Given information ::
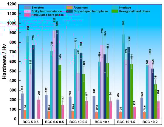 Figure 14 presents the microhardness test results for various phases in samples with different aspect ratios. Measurements of the different micro-constituent phases reveal significant differences in their hardness values, which are closely related to the phase type, morphology, and sample parameters. The test results indicate that the aluminum matrix consistently exhibits the lowest hardness in all samples, stabilizing at approximately 140 Hv, which aligns with the inherent properties of pure aluminum. In contrast, the stainless steel framework, serving as the reinforcement, demonstrates the highest hardness, generally exceeding 250 Hv, significantly strengthening the composite material. Notably, various hard phases distributed within the interfacial bonding region and the aluminum matrix display exceptionally high hardness values. Specifically, the interfacial hard phase and the lath-shaped hard phase in the BBC-6.6-0.5 sample reached peak hardness values of approximately 925 Hv and 929 Hv, respectively, far exceeding those of similar phases in other samples. This suggests that, under this specific geometric parameter, the interfacial reaction likely generated intermetallic compounds (such as Fe-Al and Al-Cr phases) with a higher volume fraction or greater strengthening effect.
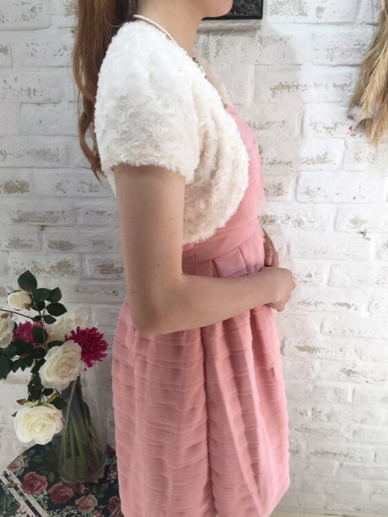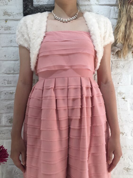 羽織るだけで華やかな雰囲気になるオフホワイトフェイクファーボレロです。カールしたような毛並みが可愛らしい1着。厚すぎない生地なので着ぶくれすることなくファーボレロでもすっきりと着こなせます。クリスマスパーティーや謝恩会、成人式、お食事会、女子会など秋冬の華やかなパーティシーンにおすすめです。サイズは目安になりますので必ず表記している実寸サイズをご確認ください。
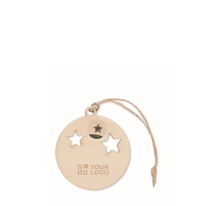 Boule de Noël en bois naturel avec cordon en jute élégant.

Instructions to follow ::
Output the whole listing again, exactly, without its pictures.

Exercise result ::
 Figure 14 presents the microhardness test results for various phases in samples with different aspect ratios. Measurements of the different micro-constituent phases reveal significant differences in their hardness values, which are closely related to the phase type, morphology, and sample parameters. The test results indicate that the aluminum matrix consistently exhibits the lowest hardness in all samples, stabilizing at approximately 140 Hv, which aligns with the inherent properties of pure aluminum. In contrast, the stainless steel framework, serving as the reinforcement, demonstrates the highest hardness, generally exceeding 250 Hv, significantly strengthening the composite material. Notably, various hard phases distributed within the interfacial bonding region and the aluminum matrix display exceptionally high hardness values. Specifically, the interfacial hard phase and the lath-shaped hard phase in the BBC-6.6-0.5 sample reached peak hardness values of approximately 925 Hv and 929 Hv, respectively, far exceeding those of similar phases in other samples. This suggests that, under this specific geometric parameter, the interfacial reaction likely generated intermetallic compounds (such as Fe-Al and Al-Cr phases) with a higher volume fraction or greater strengthening effect.
 羽織るだけで華やかな雰囲気になるオフホワイトフェイクファーボレロです。カールしたような毛並みが可愛らしい1着。厚すぎない生地なので着ぶくれすることなくファーボレロでもすっきりと着こなせます。クリスマスパーティーや謝恩会、成人式、お食事会、女子会など秋冬の華やかなパーティシーンにおすすめです。サイズは目安になりますので必ず表記している実寸サイズをご確認ください。
 Boule de Noël en bois naturel avec cordon en jute élégant.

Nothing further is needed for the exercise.